Ziprasidone hydrochloride is a drug that can control certain psychiatric disorders. The primary conditions for the drug treatment are schizophrenia and bipolar disorder. Although scientists do not know exactly how the drug helps people with bipolar disorder, in schizophrenia it appears to alter the effects of the brain chemicals serotonin and dopamine, to reduce hallucinations and act as an antidepressant.
Treatment forms of ziprasidone can come in an injection or in a capsule. The hydrochloride form is suitable for capsules, and the ziprasidone mesylate structure comes as the injection. They form part of the atypical antipsychotic medicine group, which tend to be better at treating schizophrenia than other antipsychotic medications. This may be due to the fact that the older drugs do not have much of an effect on the chemical signal serotonin in the brain.

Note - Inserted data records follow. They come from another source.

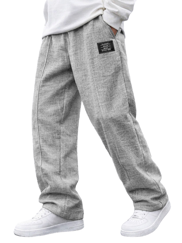 Men's Fashionable Casual Linen Pants with Elastic Waist, Embroidered Logo Pockets
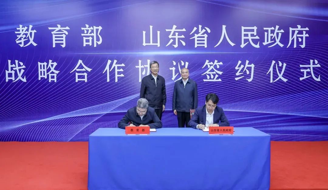 怀进鹏表示,山东全面贯彻党的二十大精神,认真落实习近平总书记重要指示要求,锚定“走在前、开新局”目标,坚持把教育摆在优先发展的战略位置,深刻理解教育、科技、人才共同支撑推进中国式现代化的重要意义,不断推动教育在改革中加强、在创新中发展,各级各类教育发展水平迈上新的台阶。教育部愿与山东以落实部省战略合作协议为契机,同题共答、同向同行,在推进现代职业教育体系建设改革中打造山东“亮丽名片”,在深化高等教育综合改革中支持山东先行先试,推动产教深度融合,强化校企深度合作,支持社会政策深度转型,大力培养与产业紧密对接的高水平技术人才和行业紧缺人才,全面提高人才自主培养质量,充分发挥教育服务国家战略和支撑区域经济社会发展的重要作用,使山东教育成为改革发展和对外合作的先锋和示范。
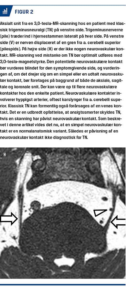 Det har længe været alment accepteret, at en kontakt mellem trigeminusnerven og et blodkar, en neurovaskulær kontakt, er involveret i ætiologien ved TN. Dette blev bekræftet i et nyligt publiceret studie, hvor man på den symptomgivende side fandt en neurovaskulær kontakt hos 89% af patienterne. Imidlertid havde 78% også en neurovaskulær kontakt på den symptomfrie side. Oddsratio for associationen mellem TN og neurovaskulær kontakt var 2,4. Den neurovaskulære kontakt blev i samme studie graderet således, at en kontakt, der medførte displacering eller atrofi af nerven, blev defineret som en udtalt kontakt (Figur 2), mens øvrige kontakter blev defineret som simple. En udtalt kontakt var til stede på den symptomgivende side hos 53% af patienterne og på den symptomfrie side hos 13%, hvorfor oddsratio for associationen mellem TN og en betydende kontakt var 11,6 [3]. Det konkluderedes, at en simpel neurovaskulær kontakt er en normalanatomisk variant og i sig selv ikke nødvendigvis fører til smerter, mens en udtalt neurovaskulær kontakt spiller en vigtig rolle ved TN. Der er utvivlsomt andre ukendte ætiologiske faktorer, der kan lede til TN som eksempelvis faktorer associeret med det kvindelige køn [4].
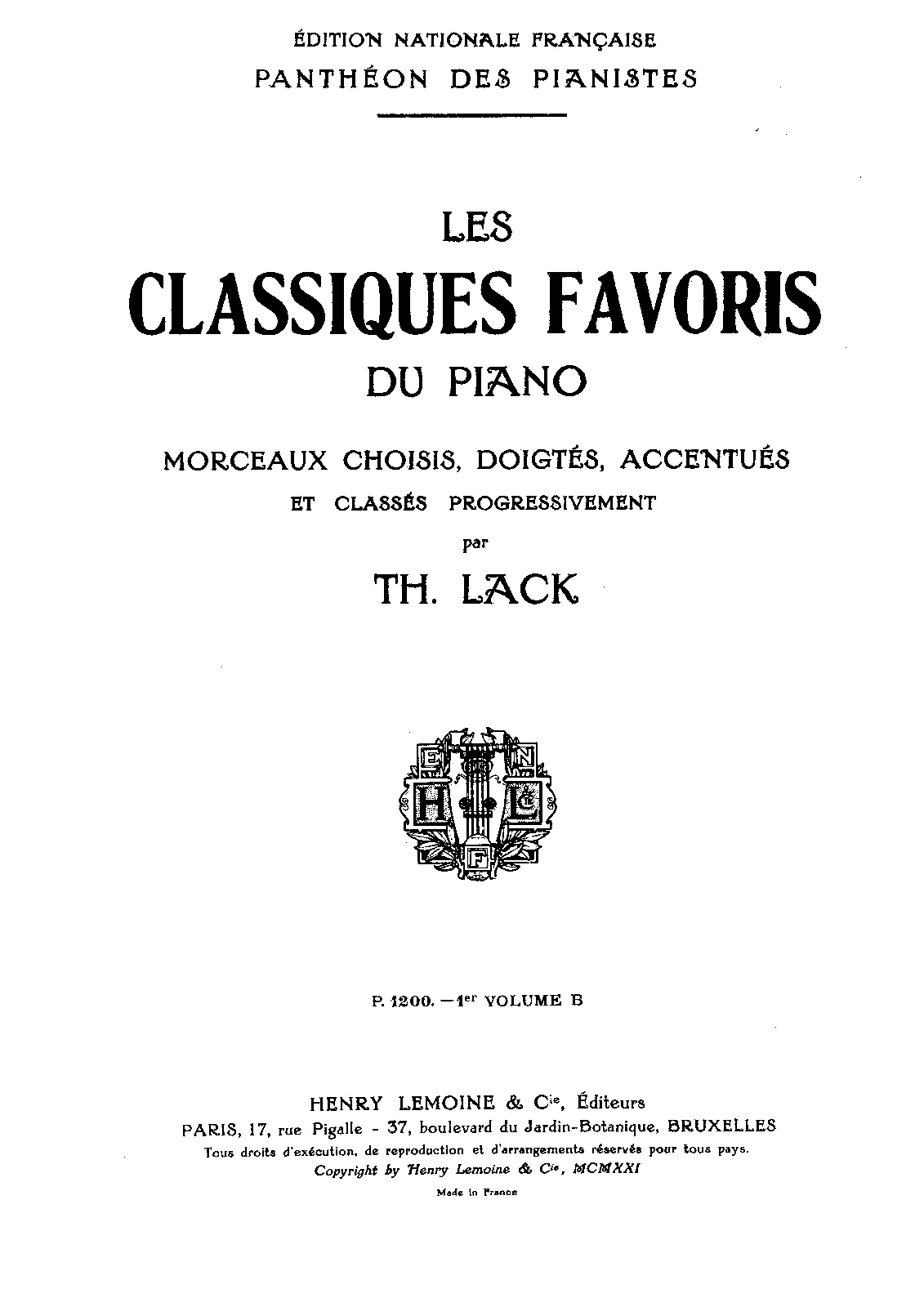 | Genre Categories | Airs; For piano; Scores featuring the piano; For 1 player |
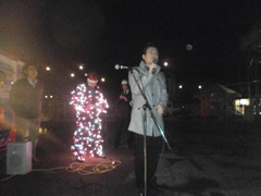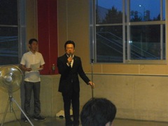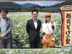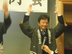 | 玉森さんによるお祭りPR | 牧野副会長も新たなお祭りをPR | 稗苗県議会議員の万歳 |
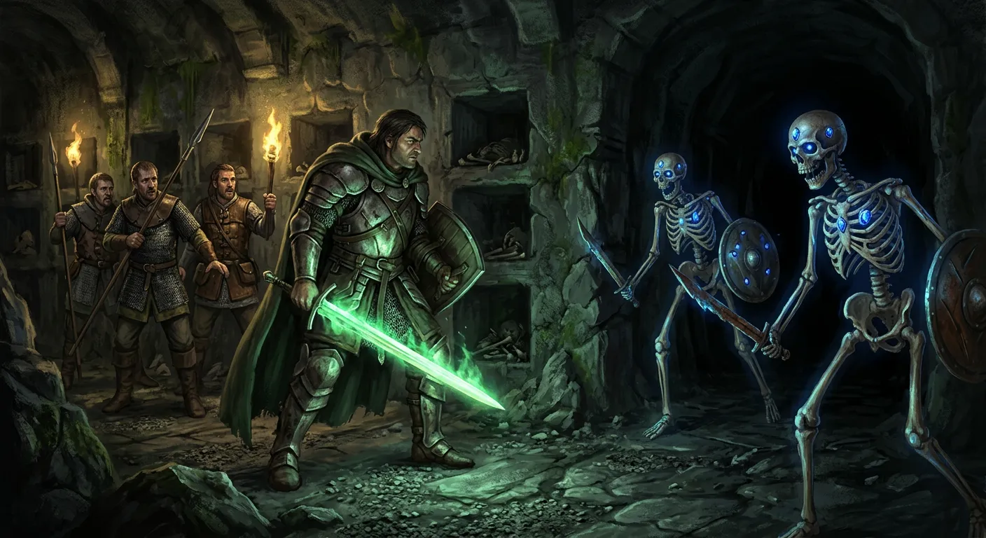 Two sapphire-skulled skeletons emerging from the darkness of a burial chamber, facing a knight with a green-glowing sword
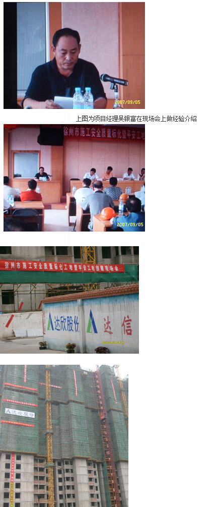 大會(huì )上吳經(jīng)理的發(fā)言得到了大家一次又一次的掌聲,建設局安監處王處長(cháng)最后對這次的現場(chǎng)會(huì )作了很高的評價(jià)。通過(guò)這一次的活動(dòng),極大的提高了“達欣股份”在徐州建筑市場(chǎng)的知名度,為“達欣股份”進(jìn)軍強手之林奠定了基石,提升了我們的品牌形象。
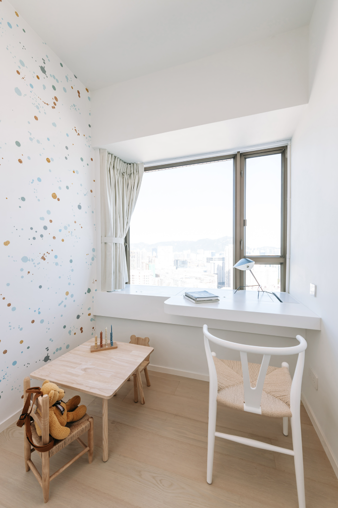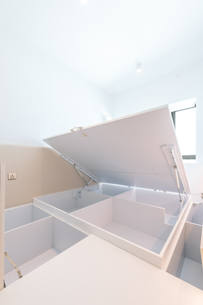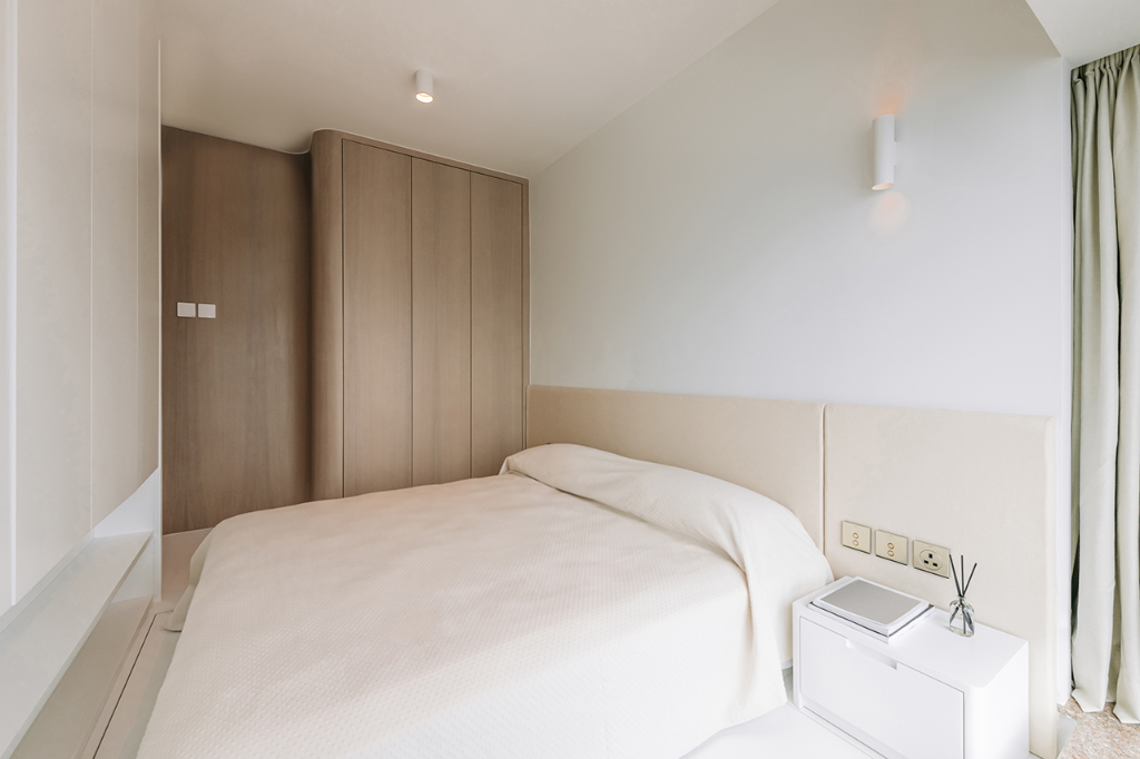 其中臥室床架內藏液壓系統,整張床面可掀起,底下空間可整齊收納換季衣物與貴重物品;孩童房則使用柔和紋理搭配簡約設計,提供安全溫馨的成長環境;而窗邊臥榻、客廳座椅與書桌也皆暗藏翻掀機關,不著痕跡地強化日常儲物彈性。
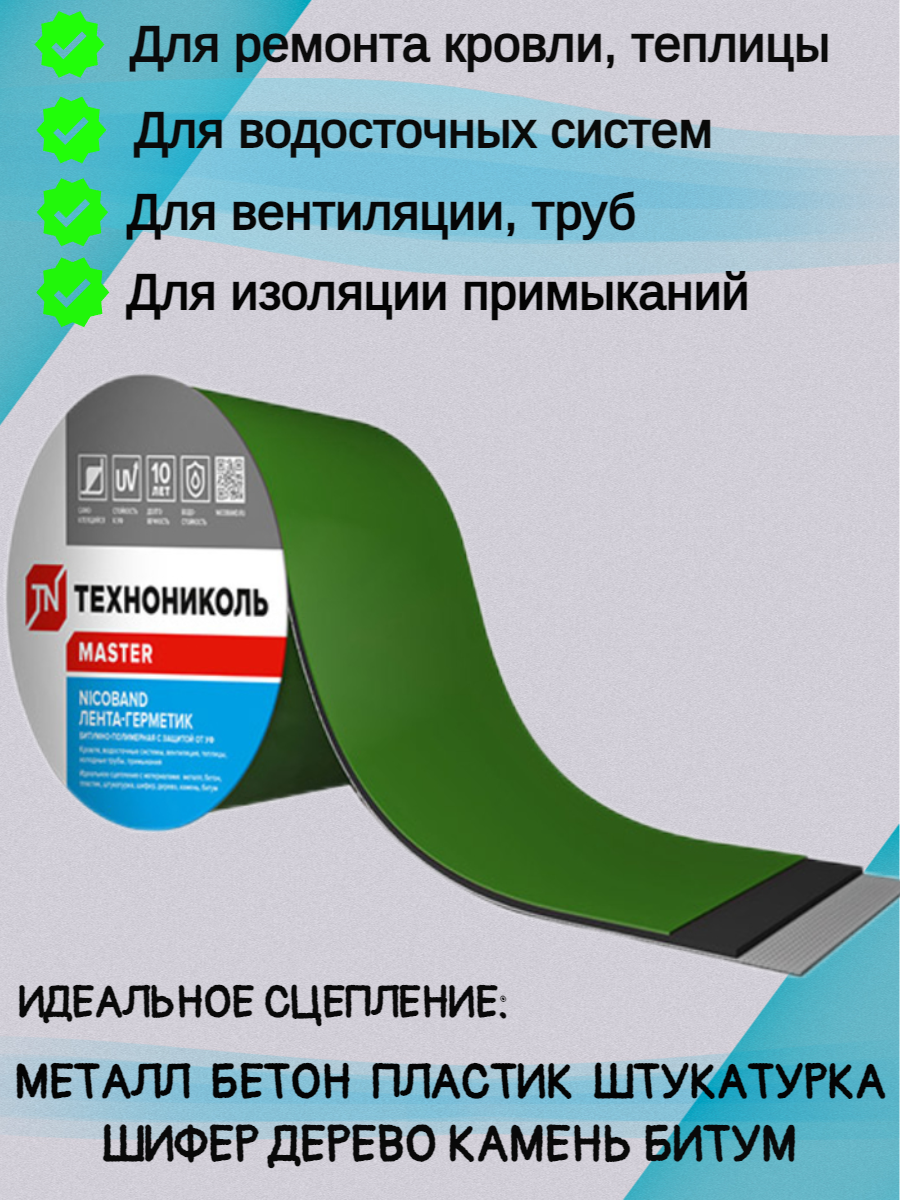 СохранитьЛента битумно-полимерная NICOBAND зеленый 10м * 10 см интересное:

The exact manner in which ziprasidone hydrochloride works is not clear, although it does have effects on the brain, and therefore on emotions and other psychological issues. Scientists think that the drug interacts with certain receptors in the brain. These receptors recognize the chemical signals dopamine and serotonin.
These two receptors are involved in emotion and other feelings. If brain chemistry is altered through psychiatric disease, the affected person can experience mental issues like delusions and hallucinations. Ziprasidone hydrochloride can change the way the brain produces signals, so that the mental problems disappear. This explanation of the mode of action of ziprasidone hydrochloride only relates to schizophrenic illness, and not to bipolar disorder.
As of 2011, it remains unclear how ziprasidone hydrochloride works on the brains of people with bipolar disorder. It does soothe the symptoms of manic episodes, or episodes of mixed symptoms, however, and can prevent other episodes. The capsule may form an entire long-term drug regimen, or a doctor may administer it as emergency medicine when a flare-up of symptoms occurs. Some patients who take it long-term use it as part of a treatment along with another antipsychotic like valproate or lithium. The daily dose depends on the individual patient, and can range from 20 mg to about 80 mg.
Excessive sleepiness is a possible side effect that can affect both schizophrenic and bipolar patients. Infections like colds and flu may also occur, as can dizziness, vomiting or sight problems. Restlessness, weakness or muscle problems are also possible. Risks associated with antipsychotic drugs as a group also include sudden death, potentially lethal problems like Neuroleptic Malignant Syndrome, diabetes and potentially permanent muscle twitches known as tardive dyskinesia.